Я удивился вот чему: ни один почитатель таланта Яньу из числа жителей Мацяо не протестовал против его ареста – наоборот, контрреволюционное преступление Яньу трактовалось в деревне как поступок славный и достойный. Люди восприняли новость об аресте очень спокойно, точно с самого начала знали, что все так и будет, точно иначе и быть не могло. Когда им сказали, что в соседней деревне есть еще один подозреваемый, они презрительно скривились: да какой он контрреволюционер?
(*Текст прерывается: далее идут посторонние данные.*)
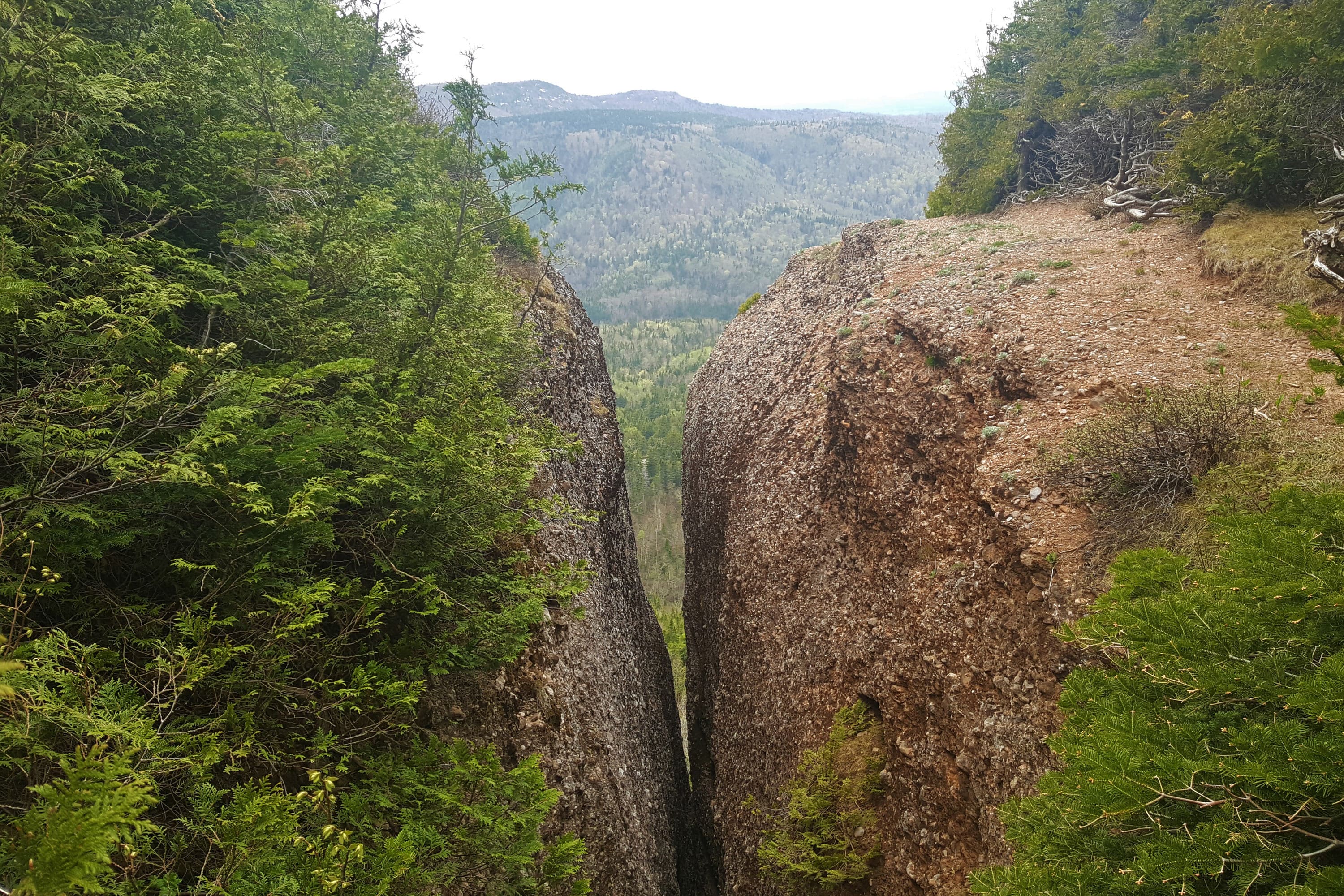Au loin, vous pouvez observer les montagnes ayant été sculptées et adoucies par l’action des glaciers lors de la dernière période glaciaire. La roche présente à la Crevasse appartient à la formation de Bonaventure, comme plusieurs autres de nos géosites en montagne.
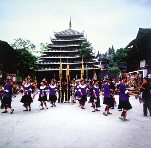 侗寨鼓樓前的表演。侗家把鼓樓當做遮蔭樹,既是侗寨的象征,也是氏族的標志。因此,所有鼓樓都是全寨人集資、出力興建的,大一點的村寨按居住范圍會建幾座鼓樓。

Полюбуйтесь на его почерк – Яньу такие иероглифы левой ногой напишет! Такому не контрреволюцией заниматься, а рис из амбара таскать или скотину воровать.
Из их слов явствовало, что контрреволюционер – личность неординарная, не чета обычным воришкам. Чем языком трепать, пораскиньте мозгами: у кого еще на сто ли в округе хватит таланта, умений и способностей, чтобы творить контрреволюцию? И когда побелевшего от страха Яньу затолкали в полицейскую машину, люди провожали ее с такими же почестями, как если бы их любимец поступил в университет и теперь ехал в город учиться.
Всем остальным и думать было нечего тягаться с Яньу.
Однажды мацяосцы даже подрались, отстаивая вычурность Яньу. Какой-то лунцзятанец привел в Мацяо племенного хряка на случку, разговорился с местными и обмолвился, что один малый у них в Лунцзятани – тоже настоящий контрреволюционер, у него есть родственник в Синьцзяне, который дослужился до командира полка и даже фотографировался с разными шишками вроде Линь Бяо. Мацяоские парни только фыркнули: какой еще командир полка? Да он простой завхоз, даже оружия в руках не держал! Вот родись Яньу раньше на два десятка лет, он бы не только до командира полка дослужился, а до самого командующего армией! Был бы уже главным министром при Чан Кайши! Разъезжал бы по Тайваню на автомобиле!